What I'm thinking is that, is there possibly something outside (or above) mathematics, that can tell us that "..." is true, in a way very different from normal mathematical proof, and we can totally believe this. I know this sounds unscientific, like religion, but seems that science haven't prohibited this to happen. Can there actually be another definition of "True" in mathematics, that we can know something to be true without really proving it?
 A: I am personally of the opinion that the claim $2 + 2 = 4$ is a scientific conclusion of repeated experiment, to do with combining collections of size 2 and observing the size of the result. In particular, if I'm building a foundations for mathematics and after much effort I devise an axiomatic system that proves $2 + 2 = 4$, it is completely absurd to say “oh, thank goodness, it is true after all”.
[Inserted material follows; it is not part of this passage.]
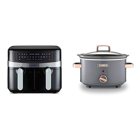 Tower T17088 Vortx 9L Dual Basket Air Fryer with Smart Finish, 2600W, Black & T16042GRY Cavaletto 3,5 Litre Slow Cooker with 3 Heat Settings, Cool Touch Handles, 210W, Grey and Rose Gold

Such a proof, I claim, is purely and only a proof of the adequacy of your logical system for proving true facts, which after all you'd very much hope a logical system could do. Imagine what would happen if you devised a system with axioms that you believed were true, and after all it happened that in this system $2 + 2 = 5$. You would certainly not revise your opinion of arithmetic! You'd re-inspect your axioms, or your rules of inference, or the whole idea of logical foundations sooner than you'd decide $2 + 2$ was anything other than $4$.
So, yes, I claim that there are certainly truths that precede any proof. They are perhaps not systematic or easily-identifiable, but that is after all the whole purpose of formal logic and proof, to introduce some order to the mess.